The description is a single, efficient sentence that directly states the tool's purpose without any unnecessary words or fluff. It's appropriately sized and front-loaded, making it easy to parse quickly.

Shorter descriptions cost fewer tokens and are easier for agents to parse. Every sentence should earn its place.

Completeness2/5

Given the tool's complexity, does the description cover enough for an agent to succeed on first attempt?

Given the tool has no annotations and no output schema, the description is incomplete. It doesn't explain what the output looks like (e.g., a list of numbers), behavioral traits, or usage context relative to siblings. For a 4-parameter tool with no structured support, the description should provide more comprehensive guidance.

Complex tools with many parameters or behaviors need more documentation. Simple tools need less. This dimension scales expectations accordingly.

Parameters3/5

Does the description clarify parameter syntax, constraints, interactions, or defaults beyond what the schema provides?

The schema description coverage is 100%, with all parameters well-documented in the input schema (e.g., 'n' as number of Gaussian numbers with range 1-10,000).
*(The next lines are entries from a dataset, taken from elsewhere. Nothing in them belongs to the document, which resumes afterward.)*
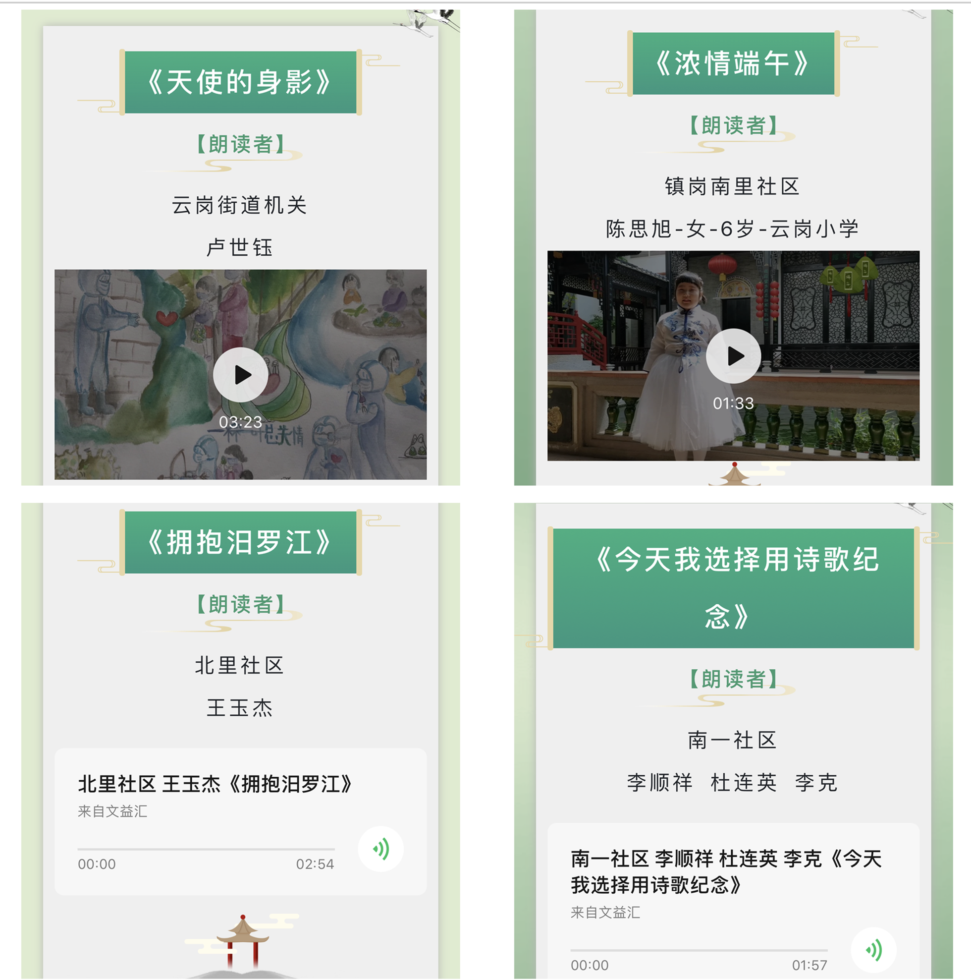 “往年端午節(jié),都是在線下以各種形式舉辦活動,弘揚(yáng)家國情懷、感受中華優(yōu)秀傳統(tǒng)文化、寄托美好愿望。疫情期間,為防止人流密集、保證居民身體健康,目前還不能開展聚集性活動,通過‘互聯(lián)網(wǎng)+文化’的形式,讓轄區(qū)居民朋友們匯聚‘云端’,在感受傳統(tǒng)文化魅力的同時,學(xué)習(xí)防疫知識,用聲音、用畫筆為抗疫加油鼓勁!”云崗街道辦事處社區(qū)建設(shè)辦公室副主任李明輝說。
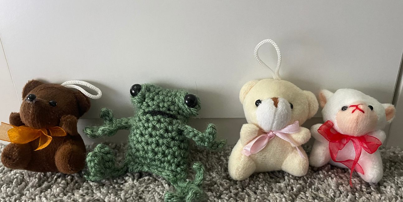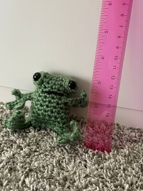 To make No Sew Baby Leggy Froggo (Free!) you will need: Black yarn to embroider the face!, color for the froggy, Stuffing to stuff the frog., Safety eyes for froggy eyes.. Tools required: I used a 4.25 mm hook, but use whatever matches the yarn you@qre using. For best *mini* results, use a 4.25 mm hook or less with acrylic yarn., This is used to embroider the mouth., scissors!.
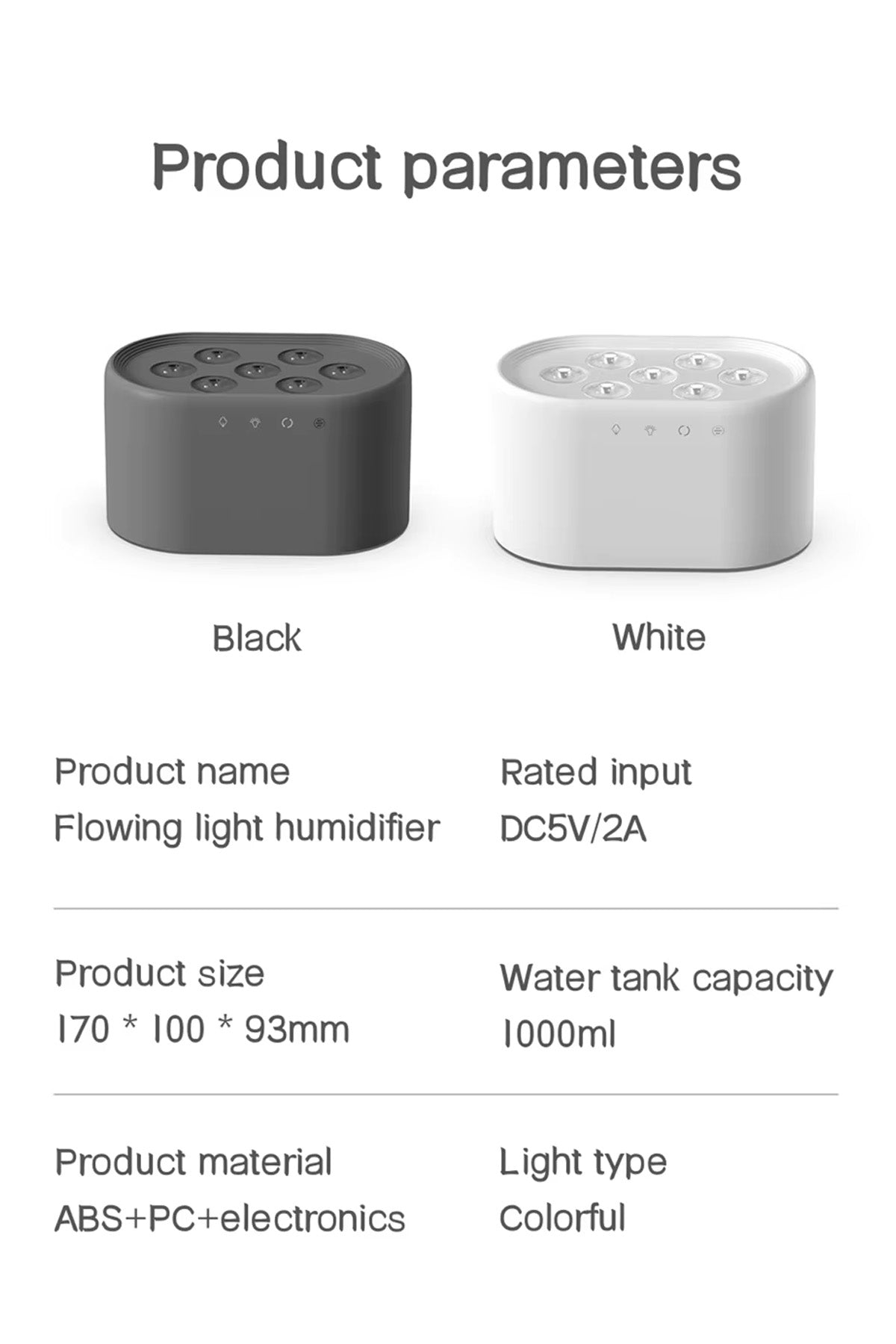 Ultrasonik Hava Nemlendirici 7 Renk Işıklı Aroma Difüzörü Dinamik Buhar Makinesi 1000 ml
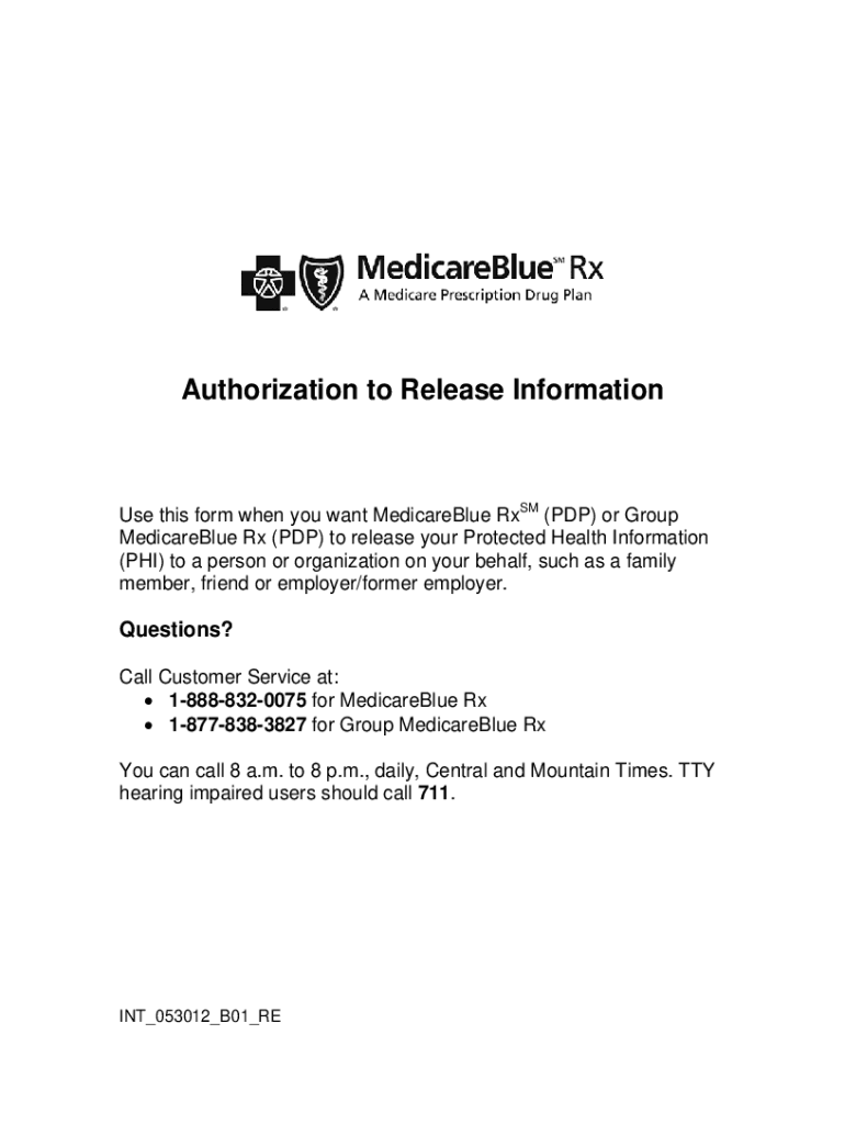 Authorization to Release Information this form when you want Medicare RSM (PDP) or Group Medicare Rx (PDP) to release your Protected Health Information (PHI) to a person or organization on your behalf,

The description adds no additional parameter semantics beyond what the schema provides, so it meets the baseline score of 3 for high schema coverage.
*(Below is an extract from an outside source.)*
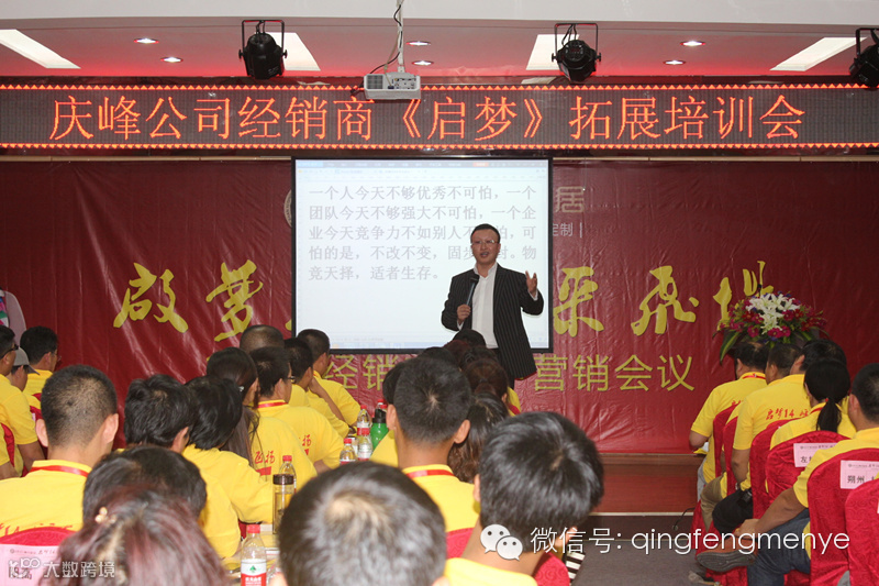 此次经销商会议历时三天,首先,第一天的会议内容主要是庆峰公司经销商《启梦》拓展培训,主讲人为汇聚培训首席讲师张宝雷老师。会上主要进行了破冰及团队展示环节。
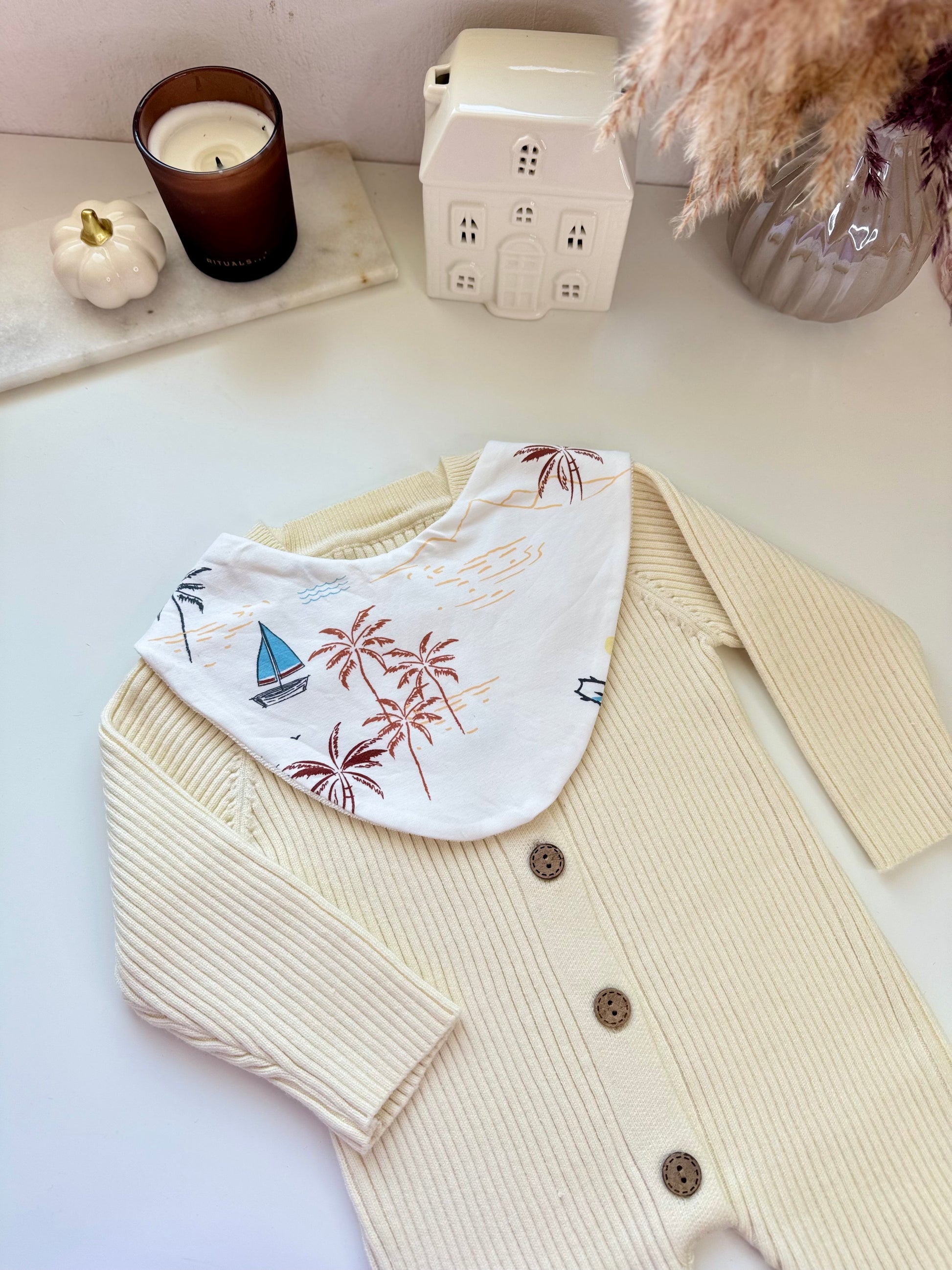 De voorkant is gemaakt van echte katoenen stof – tijdloos, zacht en comfortabel. De achterkant bestaat uit badstof, dat extra goed absorbeert en je baby droog en schoon houdt.

Input schemas describe structure but not intent. Descriptions should explain non-obvious parameter relationships and valid value ranges.

Purpose4/5

Does the description clearly state what the tool does and how it differs from similar tools?

The description clearly states the action ('generate') and resource ('true random numbers from a Gaussian distribution'), which is specific and unambiguous. However, it doesn't explicitly differentiate from sibling tools like 'generateDecimalFractions' or 'generateIntegers', which would require mentioning the specific distribution type as a distinguishing feature.

Agents choose between tools based on descriptions. A clear purpose with a specific verb and resource helps agents select the right tool.

Usage Guidelines2/5

Does the description explain when to use this tool, when not to, or what alternatives exist?

The description provides no guidance on when to use this tool versus alternatives like 'generateDecimalFractions' or 'generateIntegers'. There's no mention of use cases, prerequisites, or exclusions, leaving the agent to infer usage from the tool name alone.

Agents often have multiple tools that could apply. Explicit usage guidance like "use X instead of Y when Z" prevents misuse.